77# compression, datastore record extraction).
78#
79# - The ingester worker is responsible for ingesting output datasets into the
80# central butler repository. It batches up ingest requests from the scanners
81# until the batch size exceeds a configurable limit (e.g. 10k datasets), and
82# then ingests those pending requests in a single transaction.
83#
84# - The writer worker is responsible for actually writing the
85# `ProvenanceQuantumGraph` file. Unlike the other workers, it needs to read
86# almost the entire predicted quantum graph file before it starts, so it can
87# take a few minutes before it starts its main loop of accepting write
88# requests from the scanners (most of the time) and the supervisor (only for
89# blocked quanta, which we don't bother to scan). For each of the big
90# multi-block files (datasets, quanta, logs, metadata) the writes opens and
91# writes to a temporary file, which is moved into the provenance QG zip
92# archive at the end. In addition, to try to keep expensive operations on
93# the scanners, the writer builds a ZStandard compression dictionary from the
94# first write requests it sees, and then sends that to the scanners so they
95# can take over doing the compression after that is complete. Since writing
96# the provenance graph is (at present) optional, sometimes there is no writer
97# worker.
98#
99# Each process is also associated with its own "communicator" class, which are
100# all defined together in the _communicators.py file. The communicators manage
101# the queues that are used to send information between processes, as well as
102# providing loggers and some other common utility functionality. Communicators
103# are context managers that take care of cleanly shutting down each process
104# when it completes or is interrupted; `multiprocessing.Queue` objects need to
105# be cleared out carefully or you get deadlocks that prevent processes from
106# actually exiting, and so a lot of the work of the communicators involves
107# passing sentinal objects over those queues so we can identify when they
108# really are empty.
109#
110# The other modules in the packages include:
111#
112# - _config.py: the `AggregatorConfig` model, which is essentially the public
113# interface for controlling the aggregator.
114#
115# - _progress.py: helper objects for [periodic] logging and tqdm progress bars.

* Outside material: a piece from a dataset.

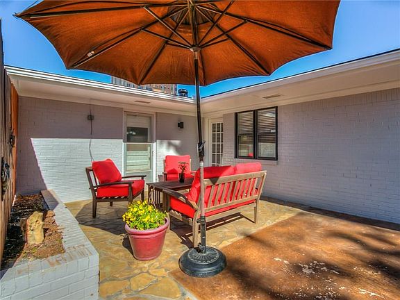 This Mid Century Modern home is located in the heart of OKC & move in ready! Minutes from Midtown, Paseo, the Plaza District & downtown OKC. Walking distance to Penn Square Mall. Remodeled inside & out! Kitchen has new cabinets, sink, faucet, subway tile back splash, granite counter tops, pantry, island, gas stove & vent hood. New interior paint & texture. New lighting, hardware & flooring throughout. The living room has wood laminate floors, a ceiling fan & built-in book cases. All windows have blinds! Plenty of storage space! The exterior has new paint, whole home guttering plus a 2017 new roof & decking, a covered front porch, an over sized driveway, fenced backyard, 2 large back patio areas & shed. Located close to shops & dining! Easy access to I-44, I-35 and Hefner Parkway. Please excuse the mess, the garage will be cleaned out & painted soon!

116# It's not clear the tqdm stuff should continue to exist once development of
117# the tool is complete and we stop wanting to run it from an interactive
118# terminal, but it's certainly been useful for development so far.
119#
120# - _structs.py: simple dataclasses used by multiple workers (most of what we
121# put on the queues to request scans/ingests/writes);
122#
123# The main logger used by the aggregator is called
124# ``lsst.pipe.base.quantum_graph.aggregator``, and it emits at ``VERBOSE`` and
125# above. At ``VERBOSE``, it's also used for periodic reporting of status
126# (unless the tqdm progress bars are enabled instead). Each worker also has its
127# own log (including the supervisor) with names like
128# ``lsst.pipe.base.quantum_graph.aggregator.scanner-012`` that include
129# additional information at ``DEBUG`` and above, but these are *not* propagated
130# up; instead there's a config option to write per-worker logs to separate
131# files in a directory. It would probably be more idiomatic to set up a
132# QueueHandler to feed all the LogRecords the supervisor and use Python logging
133# configuration to send them wherever desired, but::
134#
135# - that seemed to require more wading into `lsst.daf.butler.cli.cliLog` a lot
136# more than I cared to (especially considering that we want this to work in
137# `threading` and `multiprocessing`, and logging configuration is very
138# different in those two contexts);
139#
140# - having the worker logs go to separate files is actually very nice, and it's
141# more efficient if they just do that themselves, and that's not something
142# our logging CLI can actually do, AFAICT.